Problem to work on:
Without including any images, repeat the listing below exactly.

Supplied material:
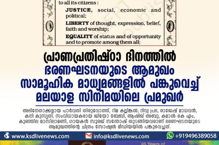 കേരളം പ്രാണപ്രതിഷ്ഠാ ദിനത്തില് ഭരണഘടനയുടെ ആമുഖം സാമൂഹിക മാധ്യമങ്ങളില് പങ്കുവെച്ച് മലയാള സിനിമയിലെ പ്രമുഖര്January 22, 2024
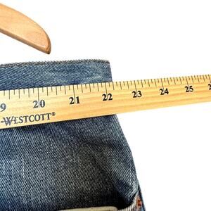 These jeans were purchased to be used as wardrobe for a tv production. The studio made some marks on the inner tag and one of the belt loops came undone at one side and left a resulting small hole, otherwise these are in good condition.
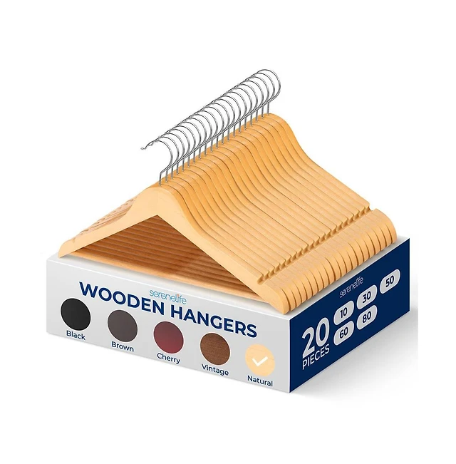 SereneLife 80-Pack Solid Wooden Hangers – Heavy Duty Natural Wood with 360° Swivel Hook, Shoulder Notches & Pants Bar – Space-Savin

Answer to the problem:
 കേരളം പ്രാണപ്രതിഷ്ഠാ ദിനത്തില് ഭരണഘടനയുടെ ആമുഖം സാമൂഹിക മാധ്യമങ്ങളില് പങ്കുവെച്ച് മലയാള സിനിമയിലെ പ്രമുഖര്January 22, 2024
 These jeans were purchased to be used as wardrobe for a tv production. The studio made some marks on the inner tag and one of the belt loops came undone at one side and left a resulting small hole, otherwise these are in good condition.
 SereneLife 80-Pack Solid Wooden Hangers – Heavy Duty Natural Wood with 360° Swivel Hook, Shoulder Notches & Pants Bar – Space-Savin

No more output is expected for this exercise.